Howl

I just heard there was one survivor in the class of the dead in Sandy Hook on Friday.

One little girl played dead, lying with the dead, and then snuck out covered with the blood of her classmates. She told her Mom, “I’m OK, Mommy, but all my friends are dead.” I am not certain, but it’s a good guess that she was 6 years old.

For me, it’s a ruthless and unstoppable hop from there to my Moon Bear beloveds in China who are caught in bear farms, agony houses that stretch out death for years. Or to the family made homeless by the financial debacle. Or the guy who is now living on the street, broken by his inability to be of value in a culture that values one thing above all.

I know it all looks like it’s about guns. And mental illness. And black marketers. And banks. And cheap imports from China. And health care gone wrong.

But it isn’t. It really isn’t. It’s a spiritual crisis at heart, and all of these things, and those 27 dead bodies, are all symptoms of one brutal and inescapable truth.

We value money more than life.

This is the center. This is the wound. It is from this that all this unspeakable, unendurable agony flows.
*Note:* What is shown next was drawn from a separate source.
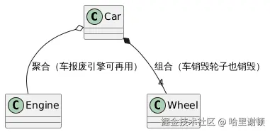 Car *-- "4" Wheel : 组合(车销毁轮子也销毁)
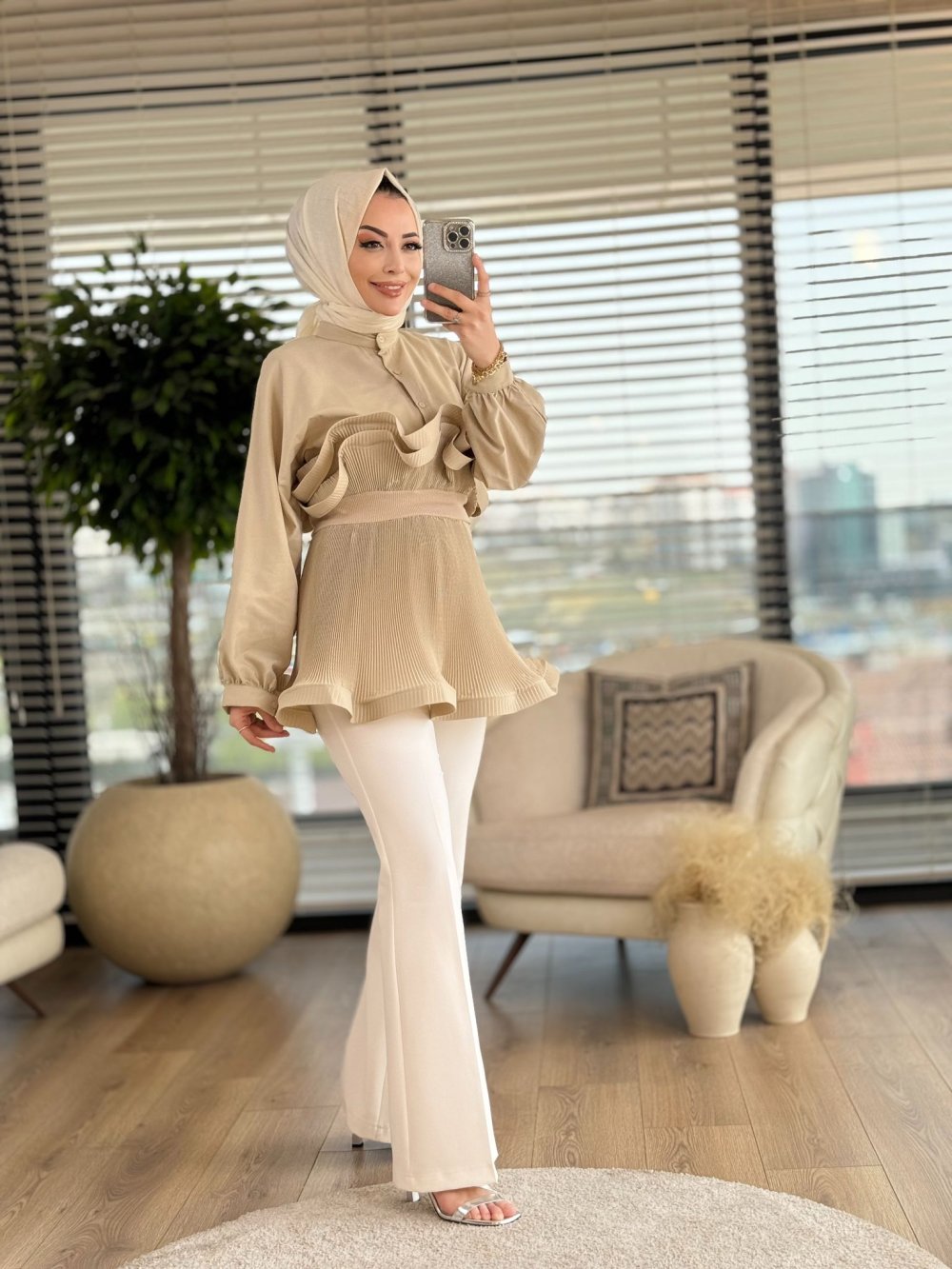 104 Akordion Bluz Bej

The gun business makes around $3 billion bucks a year. The black market animal business is worth more than that. What is the connection?

We value money more than life.

Only people profit from from all this agony. And it is all conveniently and nicely camouflaged by the distance of transactions.  We buy things from safe little stores, denuded of the suffering that is created by the creation of all that stuff.

To say the death of the polar bear and the funeral today of Jack Pinto, age 6, are related may sound like a reach, and maybe even as insulting, but only if you quantify life as being more important for one being than another. And that is, once examined, a game that will get you closer to nothing but more death.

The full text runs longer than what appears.